DESCRIPTION OF THE TASK :: Transcribe exactly, and only, the lines running from the one that contains "The product is" through the last line of the material. No pictures.
-- RECORDED INFORMATION follows --
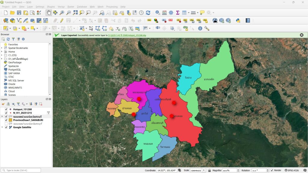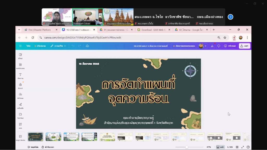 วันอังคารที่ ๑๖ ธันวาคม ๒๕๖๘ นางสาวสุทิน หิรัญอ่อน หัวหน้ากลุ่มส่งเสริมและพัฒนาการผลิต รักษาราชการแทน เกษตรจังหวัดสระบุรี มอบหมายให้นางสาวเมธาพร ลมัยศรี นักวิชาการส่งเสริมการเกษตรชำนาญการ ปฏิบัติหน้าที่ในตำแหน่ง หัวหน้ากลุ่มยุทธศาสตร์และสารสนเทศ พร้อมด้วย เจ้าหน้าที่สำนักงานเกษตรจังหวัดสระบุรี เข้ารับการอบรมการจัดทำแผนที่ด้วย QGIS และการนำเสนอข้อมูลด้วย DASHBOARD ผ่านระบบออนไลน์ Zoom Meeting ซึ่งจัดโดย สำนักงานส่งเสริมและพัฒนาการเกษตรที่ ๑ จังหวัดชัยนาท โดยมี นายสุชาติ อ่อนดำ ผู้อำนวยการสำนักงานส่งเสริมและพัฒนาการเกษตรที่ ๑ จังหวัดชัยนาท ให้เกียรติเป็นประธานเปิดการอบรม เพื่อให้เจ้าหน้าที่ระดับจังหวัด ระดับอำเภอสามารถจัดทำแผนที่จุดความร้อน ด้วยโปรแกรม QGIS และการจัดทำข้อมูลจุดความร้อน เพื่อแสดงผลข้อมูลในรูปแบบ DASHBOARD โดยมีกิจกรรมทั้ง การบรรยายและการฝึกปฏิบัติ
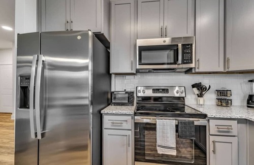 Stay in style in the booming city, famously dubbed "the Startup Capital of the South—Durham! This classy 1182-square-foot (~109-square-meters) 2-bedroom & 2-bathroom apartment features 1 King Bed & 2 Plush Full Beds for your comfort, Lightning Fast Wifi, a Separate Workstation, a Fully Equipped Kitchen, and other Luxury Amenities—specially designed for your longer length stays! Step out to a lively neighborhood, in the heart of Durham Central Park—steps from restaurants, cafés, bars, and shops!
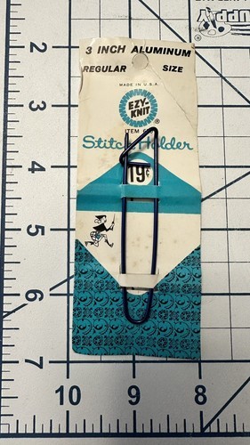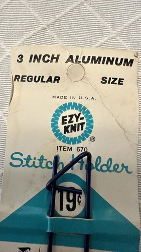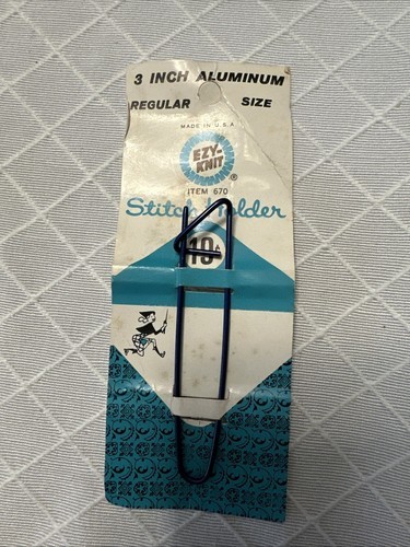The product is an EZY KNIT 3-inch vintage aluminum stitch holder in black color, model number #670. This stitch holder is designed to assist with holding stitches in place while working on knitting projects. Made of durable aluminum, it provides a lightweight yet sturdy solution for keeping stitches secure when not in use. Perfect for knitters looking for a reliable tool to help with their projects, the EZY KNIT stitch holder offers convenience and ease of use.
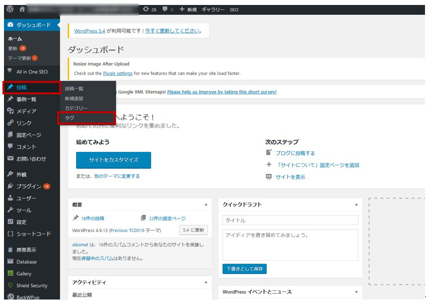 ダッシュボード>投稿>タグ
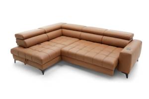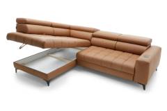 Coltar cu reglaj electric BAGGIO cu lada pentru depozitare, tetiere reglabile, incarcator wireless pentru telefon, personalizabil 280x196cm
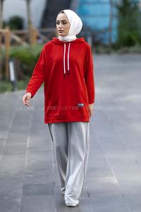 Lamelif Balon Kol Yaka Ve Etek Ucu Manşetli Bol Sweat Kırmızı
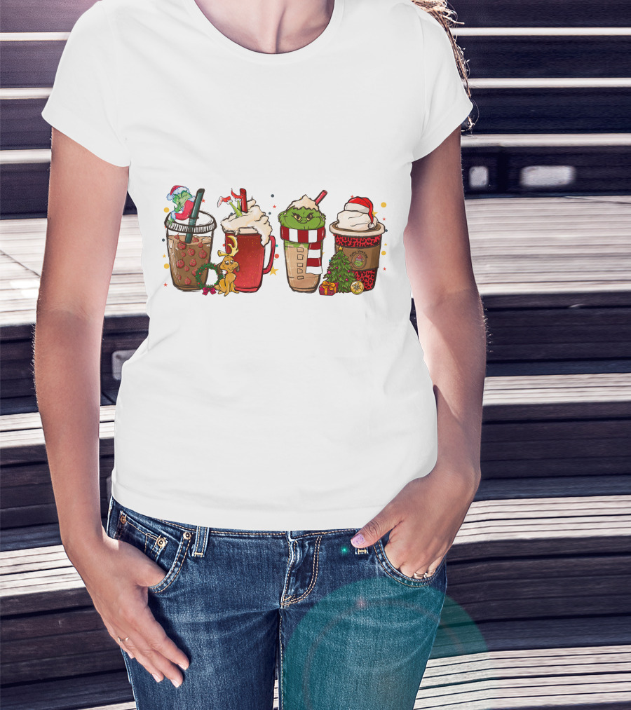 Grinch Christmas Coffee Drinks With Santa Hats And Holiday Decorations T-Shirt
-- RECORDED INFORMATION concluded --
EXPECTED OUTPUT ::
The product is an EZY KNIT 3-inch vintage aluminum stitch holder in black color, model number #670. This stitch holder is designed to assist with holding stitches in place while working on knitting projects. Made of durable aluminum, it provides a lightweight yet sturdy solution for keeping stitches secure when not in use. Perfect for knitters looking for a reliable tool to help with their projects, the EZY KNIT stitch holder offers convenience and ease of use.
 ダッシュボード>投稿>タグ
 Coltar cu reglaj electric BAGGIO cu lada pentru depozitare, tetiere reglabile, incarcator wireless pentru telefon, personalizabil 280x196cm
 Lamelif Balon Kol Yaka Ve Etek Ucu Manşetli Bol Sweat Kırmızı
 Grinch Christmas Coffee Drinks With Santa Hats And Holiday Decorations T-Shirt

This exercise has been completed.